Searching within files

Permalink
Is it possible to expand the search so that it's possible to search within PDF files?

thx for your help!

Asseco
 
Asseco replied on at Permalink Reply
Asseco
Has anyone an idea. Unfortunately, the Google search is no solution because the site should be protected.
JohntheFish replied on at Permalink Reply
JohntheFish
I don't think it is off the shelf. Some coding will be needed.

Jordanlev wrote a howto on something like your requirement:
http://www.concrete5.org/documentation/how-tos/developers/how-to-in...

You may also find this one useful, as it does it for products (so maybe use a similar technique for files)
http://www.concrete5.org/documentation/how-tos/developers/modify-si...

These addons may also do some of what you are looking for (they search files, but not file content)
http://www.concrete5.org/marketplace/addons/image-file-search/...
http://www.concrete5.org/marketplace/addons/document_library/...
Asseco replied on at Permalink Reply 1 Attachment
Asseco
thanks!

Meanwhile, I've programmed my own solution.
After uploading the file, the contents of the PDF is read and written to the database. And the search looks for matches in these fields and shows them separately in the list (with a direct download link to the file). In addition, the search can be limited by filesets.

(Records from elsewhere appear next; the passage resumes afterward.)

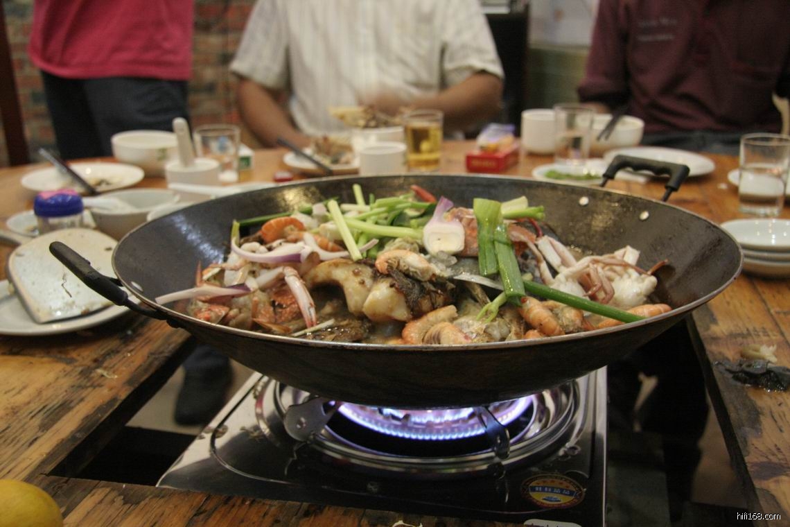 第二道是海鲜醉大鱼,这道菜要多等一些时间,加热后要放一支半米酒煮沸,然后在盖子边点燃等里面的酒精燃烧完才进食,火光雄雄十分壮观。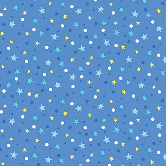 This delightful fabric includes Shades of Blue and yellow stars and dots on a light blue background.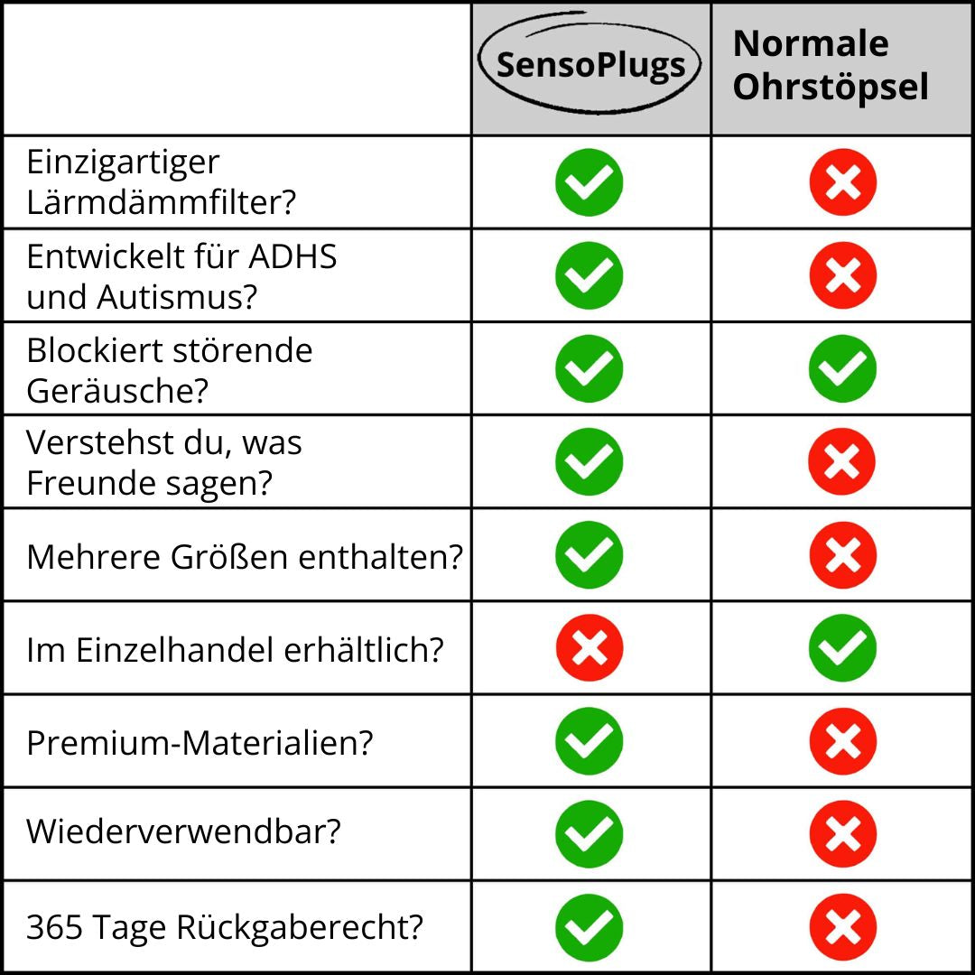 Ein weiterer großer Unterschied ist, dass SensoPlugs speziell für Kinder und Erwachsene mit ADHS und Autismus entwickelt wurden.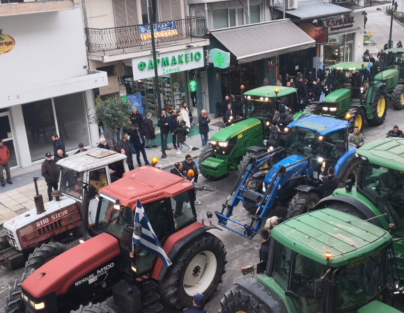 Τρίκαλα: Αγρότες διέσχισαν με τα τρακτέρ τους κεντρικούς δρόμους της πόλης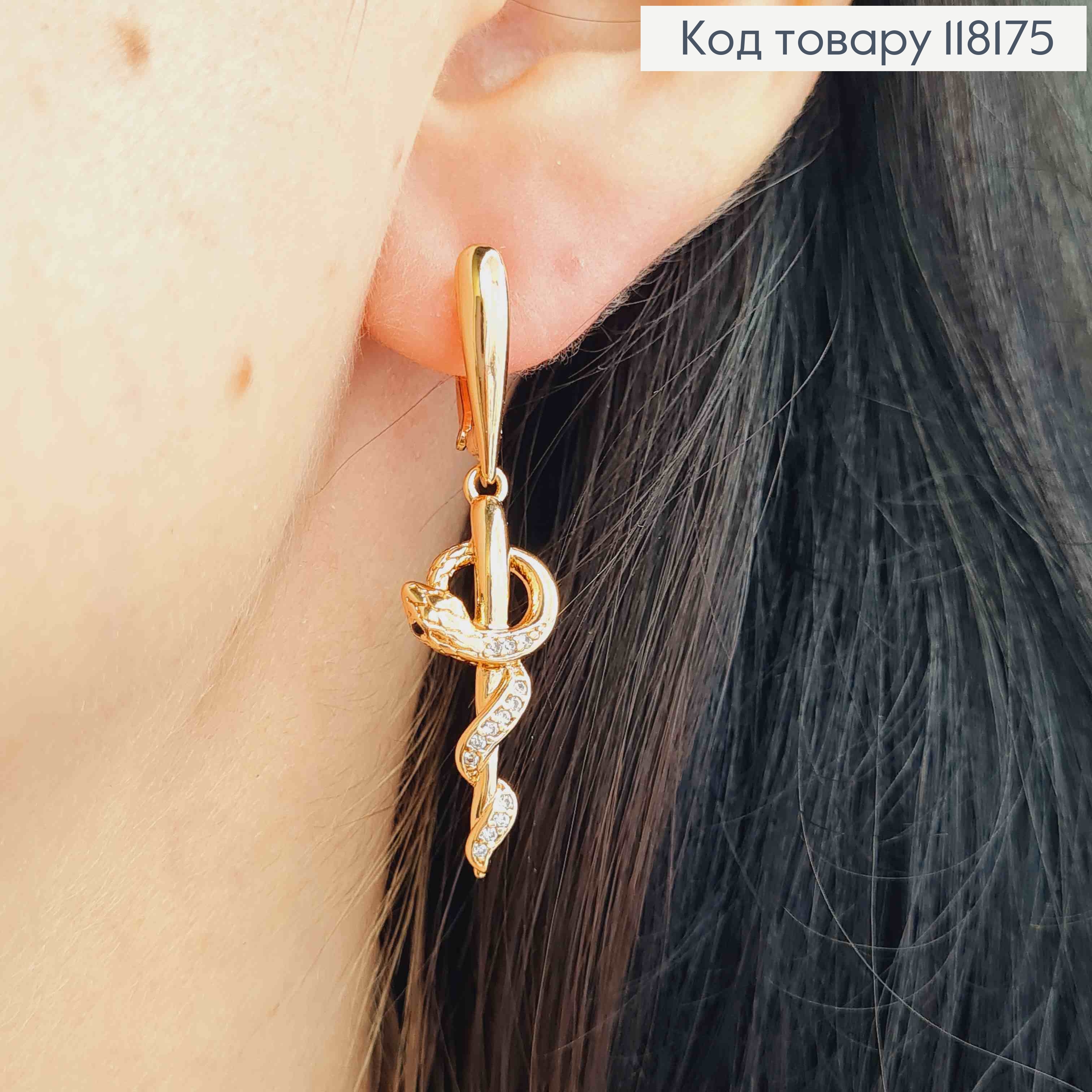 Сережки з рухливою підвіскою "ЗМІЯ" в Блискучих камінцях, 1,5+2,6см, англ. застіб., Xuping 18K
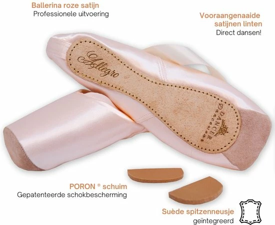 In jouw spitzenpakket zitten alle accessoires die je nodig hebt. Denk hierbij aan spitzenlint, spitzenneusjes en fishnet elastiek. Bij dit model spitzen is op een geavanceerde manier een stukje suède geïntegreerd. De suède fungeert als bescherming en voorkomt uitglijden. Dit zorgt voor een professioneler resultaat bij het dansen. De meegeleverde Poron® teenbescherming wordt los bijgeleverd om de druk op de tenen op te vangen.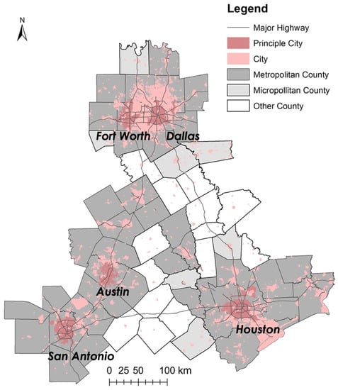 - Butler, K.; Hammerschmidt, S.; Steiner, F.; Zhang, M. Reinventing the Texas Triangle: Solutions for Growing Challenges; Center for Sustainable Development, School of Architecture, The University of Texas at Austin: Austin, TX, USA, 2009; p. 31. [Google Scholar]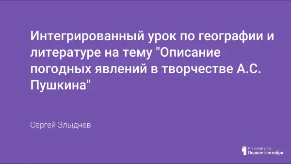В данной работе я попытался разобрать стихотворения А.С. Пушкина, в которых доступным и красочным языком описаны и времена года, и различные типы погоды, которые изучаются в курсе географии 6–7 классов.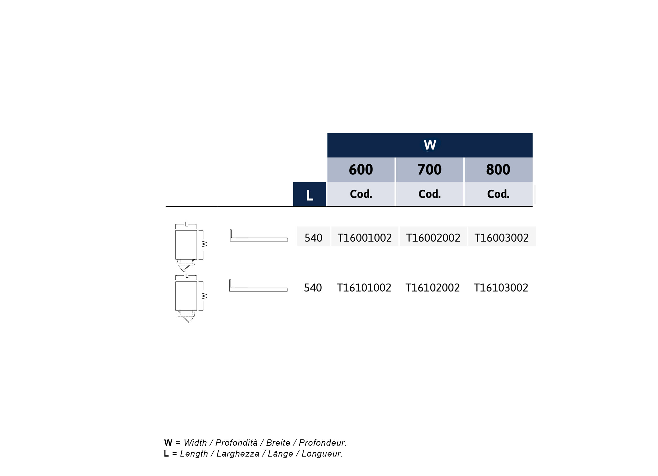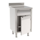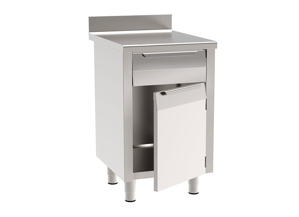 welded and closed on the back, and with R=10mm rounded lower edge. Full extraction drawer mounted on stainless steel rails. Hinged door mounted on removable hinges. On stainless steel telescopic feet, the rear ones advanced for rounded floor.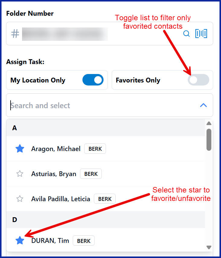 You can now 'star' your most frequently contacted team members in the internal contact list in NexsyisNow. Once a team member is favorited, you can filter your contact list to "Favorites Only" when assigning tasks or sending team messages.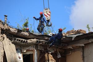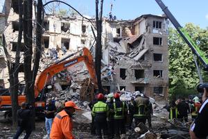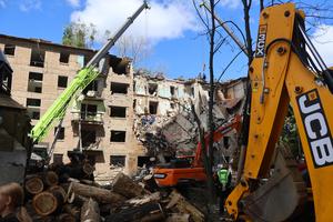 (250623) -- KIEV, 23 junio, 2025 (Xinhua) -- Empleados del Servicio Estatal de Emergencias de Ucrania realizan operaciones de búsqueda...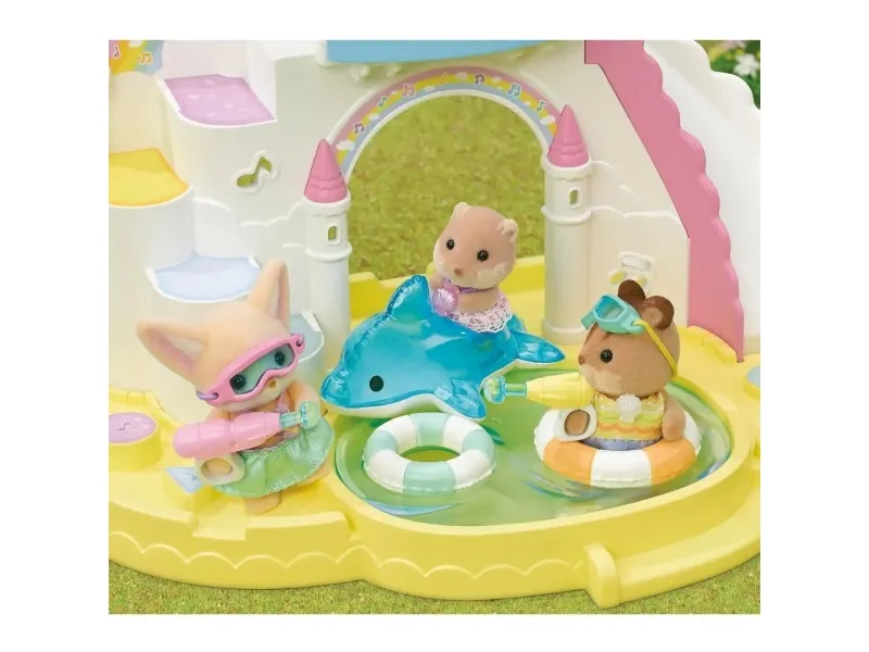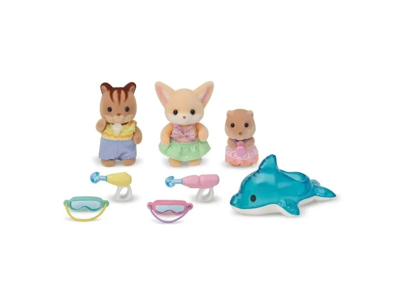 Kolmoset altaalla - setissä on 3 vauvaa: aavikkokettuvauva Yulie, pähkinäoravavauva Ambrose ja saukkovauva Nicola sekä tarvikkeet allasleikkeihin. Ilmatäytteinen delfiini on hauska: vauvat voivat ratsastaa sillä! Vauvoilla on yllään söpöt uimapuvut, joissa on aaltokuvioita ja simpukkanapit. Vauvat voivat pitää kädessään uimaleluja ja käyttää uimalaseja. Yhdistä muihin Sylvanian leluihin. Sopii 3+-vuotiaille. 3 vauvaa ja tarvikkeita vesileikkeihin;puhallettava delfiini, jonka päällä voi istua;uimalasit & vesipyssyt;yhdistä muihin Sylvanian leluihin;sopii 3+-ikäisille;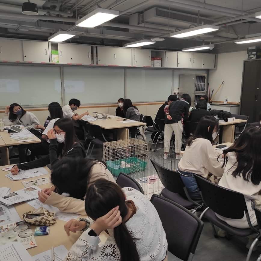 HKRS was invited to teach basic rabbit care, including daily living, diet, and nursing care, giving students who engaged in animal related work a foundation course.
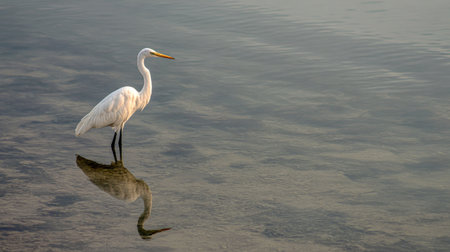 A white heron stands on shallow azure water. wildlife background in soft morning light. tranquility and tranquility.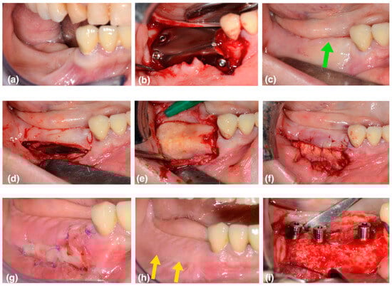(a) Initial situation, it is evident the bone atrophy of the jaw. (b) First surgical phase of vertical bone augmentation with particulate graft and occlusive titanium barrier (OTB), fixed with three self-tapping screws. (c) The picture shows the soft tissue situation six months later, before the barrier removal. The green arrow highlights the coronal shifting of the mucogingival junction as result of the passivation of the flaps. (d) The buccal full-thickness incision is placed in the alveolar mucosa for the barrier removal. (e) A white layer of dense connective tissue, called the pseudoperiosteum, is observed underneath the OTB, protecting the newly formed hard tissue. (f) The buccal alveolar mucosa is apically sutured leaving intentionally exposed a vestibular portion of white pseudoperiosteum. (g) The picture shows the healing after 1 week. (h) The situation three months after the “white layer approach” (WLA) shows the new position of the mucogingival line as highlighted by the yellow arrows. (i) Implant placement in mature bone. It’s evident the difference in maturation of the bone compared to the picture (e).

If you want to know the details, please let me know.
melat0nin replied on at Permalink Reply
melat0nin
I've achieved this independently using the same method, utilising server-side processing of the files (though not in PHP, so not packagable). Did you use a PHP library to scrape text from the files? I couldn't get any of the open source ones to work reliably with all the various PDF versions.
Asseco replied on at Permalink Reply
Asseco
I use these two functions. Unfortunately it does not work with every PDF. I don't know why.

private function pdf2string($sourcefile) {          
      $fp = fopen($sourcefile, 'rb'); 
      $content = fread($fp, filesize($sourcefile)); 
      fclose($fp);
      $searchstart = 'stream'; 
      $searchend = 'endstream'; 
      $pdfText = ''; 
      $pos = 0; 
      $pos2 = 0; 
      $startpos = 0; 
      while ($pos !== false && $pos2 !== false) { 
         $pos = strpos($content, $searchstart, $startpos); 
         $pos2 = strpos($content, $searchend, $startpos + 1); 
         if ($pos !== false && $pos2 !== false){ 
            if ($content[$pos] == 0x0d && $content[$pos + 1] == 0x0a) {
melat0nin replied on at Permalink Reply
melat0nin
Ah yes, I tried the same script and had limited success. The reason is that it doesn't support all versions of the PDF file format, so it's rendered fairly useless.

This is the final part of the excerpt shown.